However, certain things must be known.

 

  1. Energy consumption for heating is very clear, but the loading efficiency must be accurate, for example 65%.
  2. GLASTON gives in article “thumb rule” for tempering energy. It is given for loading efficiency of 90%. This is adjusted to 65%. This information is important since the “limit” of tempering and cooling is difficult to say for glasses over 5 mm thick.
  3. Everything else is “unknown”. Fortunately, they are nearly the same for every manufacturer. Therefore, the comparison is is quite accurate but the correct capacity must be known.

 

Note: A part of the cooling energy is necessary. For thin glasses heating time is always longer than tempering and cooling time. Thus, the result is always correct. For thicker glasses this is correct, too as the cooling time can always be shortened to the heating time. The exception is thickest glasses.

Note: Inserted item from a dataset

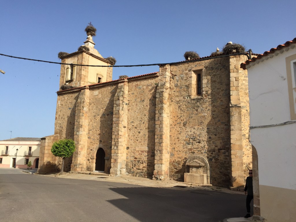 De laatste dag passeerden we het plaatsje Trujillanos. Hier bleek een kerk te staan gesticht door de Santiagoridders in 1327 om de omgeving te herbevolken. Het land is hier vruchtbaar dus dit lukte. Deze informatie vond ik op een blog van een andere pelgrim. Ter plekke geen bordje, geen info.
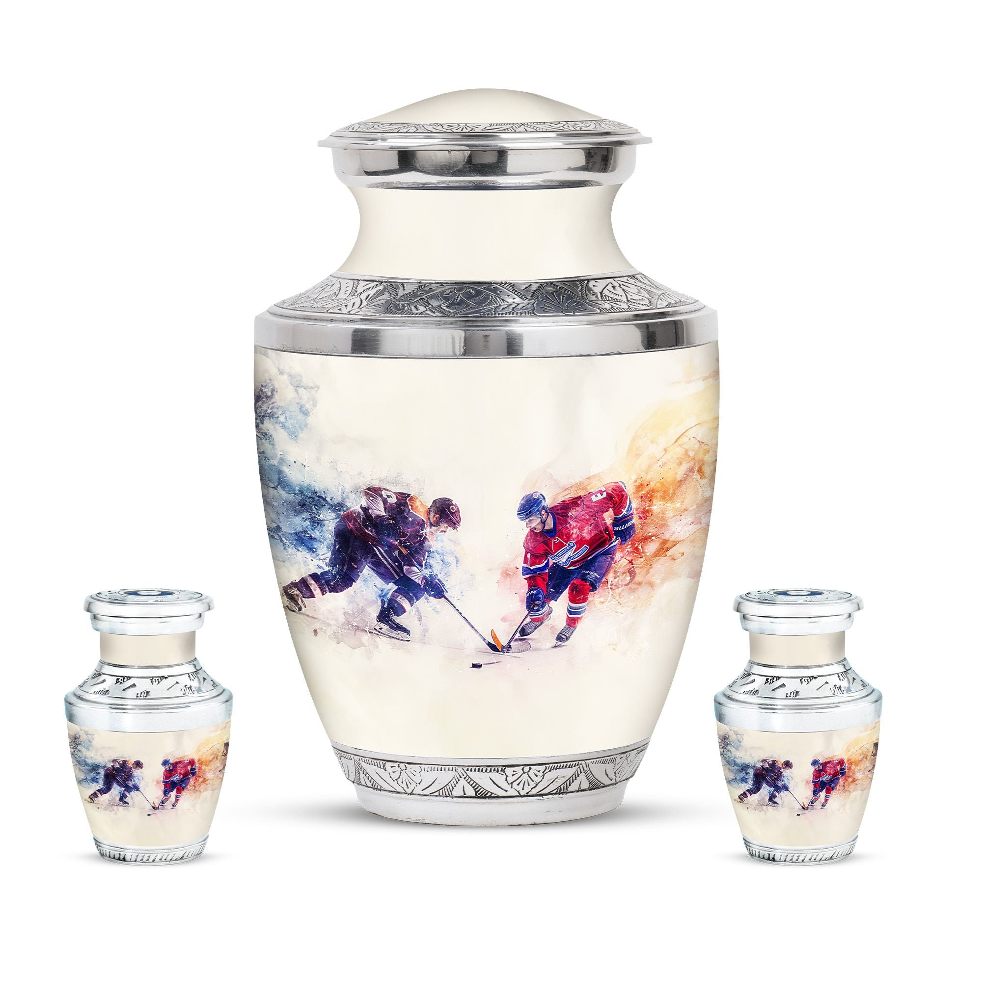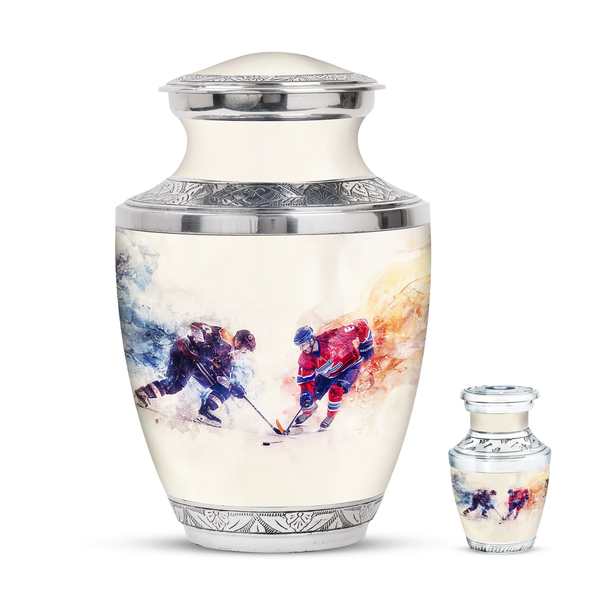 This urn is meticulously crafted from durable aluminum, ensuring strength and security for years to come. The design is available in two striking finishes—a bold red ice hockey urn and a calming blue ice hockey urn—each reflecting individuality and love. With a secure screw-top lid, this large human urn keeps ashes safe while serving as a beautiful display piece at home or in a memorial service. Its versatile style makes it suitable as an adult urn for human ashes men or as one of the cremation urns for women, offering families a dignified choice.

Tempering furnace manufacturers know many tricks to confuse customers for energy consumption and capacity. For example, giving capacities depending on emissivity values of 0,08 or 0,04 and single and double silver glasses. Another one is that the tempering machine can temper “even E 0,01 glass”. Even radiation heating machine can do this. The quality of glass, energy consumption and capacity are another thing.

This table shows the calculation results as the the above principle and graphs 1 and 2.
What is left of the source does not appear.